SPOUSES AUGUSTO HONTIVEROS and MARIA HONTIVEROS, petitioners,


vs.
REGIONAL TRIAL COURT, Branch 25, Iloilo City and SPOUSES GREGORIO
HONTIVEROS and TEODORA AYSON, respondents.

G.R. No. 125465 June 29, 1999

FACTS: Petitioners spouses filed a complaint for damages against private respondents
alleging that they are the owners of a parcel of land and also that they were
deprived of income from the said lands consisting of rentals from tenants of the land
and that private respondents withheld possession of the land in bad faith.

Private respondent denied the allegations and invoked that he and respondent
Ayson were not married. On the contrary, they alleged that the possession of the
subject property had already been transferred to petitioners since 1985 by virtue of
writ of possession. Respondents assert that petitioners were receiving rentals from
the lands, hence, the complaint has no cause of action since it did not allege that
earnest efforts towards a compromise had been made, considering that petitioner
Augusto and respondent Gregorio are brothers.

Petitioners filed an Amended Complaint inserting the allegation that “earnest efforts
towards a compromise have been made between the parties but the same were
unsuccessful”. Respondents answered denying the same.

Petitioners moved for a judgment but the RTC denied the petitioner’s motion and at
the same time dismissed the case on the ground of unverified complaint pursuant to
Article 151 of the Family Code and therefore, it did not believe that earnest efforts
had been made to arrive at a compromise.

Petitioner moved for reconsideration but was denied. Hence, this present case.
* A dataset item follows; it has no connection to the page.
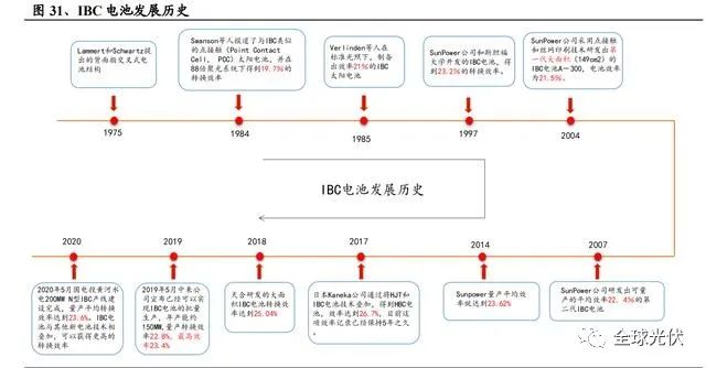IBC 電池發(fā)展歷史:IBC 電池早最是由 Lammert 和 Schwartz 在 1975 年提出 的背面指交叉式電池結(jié)構(gòu)。美國的 Sunpower 公司是 IBC 電池的領(lǐng)軍者和開拓者, 2014 年其量產(chǎn)平均效率就達到 23.62%,2015 年實驗室效率達到 25.2%;2018 年 天合研發(fā)的大面積 IBC 電池轉(zhuǎn)換效率達到 25.04%;2019 年 5 月中來公司宣布已 經(jīng)可以實現(xiàn) IBC 電池的批量生產(chǎn),年產(chǎn)能約 150MW,量產(chǎn)轉(zhuǎn)換效率 22.8%,最高效率 23.4%。2020 年 5 月國電投黃河水電 200MW N 型 IBC 產(chǎn)線建設(shè)完成,量產(chǎn)平均轉(zhuǎn)換效率達到 23.6%。IBC 電池與其他新電池技術(shù)相疊加,可以獲得更高的 轉(zhuǎn)換效率,2017 年 3 月,日本 Kaneka 公司通過將 HJT 和 IBC 電池技術(shù)疊加,得 到 HBC 電池,效率達到 26.7%,目前這項效率記錄已經(jīng)保持 5 年之久。

ISSUE: WON the RTC erred in dismissing the complaint on the ground that it does not allege
under oath that earnest efforts toward a compromise were made prior to the filing
as required by Article 151 of the Family Code?

WON Article 151 of the Family Code applies in this case?

RULING: Yes, the Court erred in dismissing the complaint on the ground that verified
complaint of earnest efforts to a compromise only because the trial court could not
believe the veracity of the allegation.

The Court emphasized that the absence of the verification required in Article 151
does not affect the jurisdiction of the Court over the subject matter of the complaint.
Such verification is merely a formal requirement intended to secure assurance that
matters which are alleged are true and correct.
Under Article 151 of the Family Code, “No suit between members of the same family
shall prosper unless it should appear from the verified complaint or petition that
earnest efforts towards a compromise have been made, but that the same have
failed. If it is shown that no such efforts were in fact made, the case must be
dismissed.”

Petitioner’s contention that Article 151 of the FC does not apply to the case is
correct since the suit is not exclusively among the family members. Under the
subject provision, the phrase “members of the same family” refers to the husband
and wife; parents and children; ascendants and descendants; and brothers and
sisters.

Respondent Ayson and Petitioner Hontiveros (Maria) are considered strangers to


the Hontiveros family for purposes of Art. 151, therefore, they are not members of
the family. In several jurisprudence, the Court already decided that “whenever a
stranger is a party in the case involving the family members, the requisit showing
the earnest efforts to compromise is no longer mandatory”.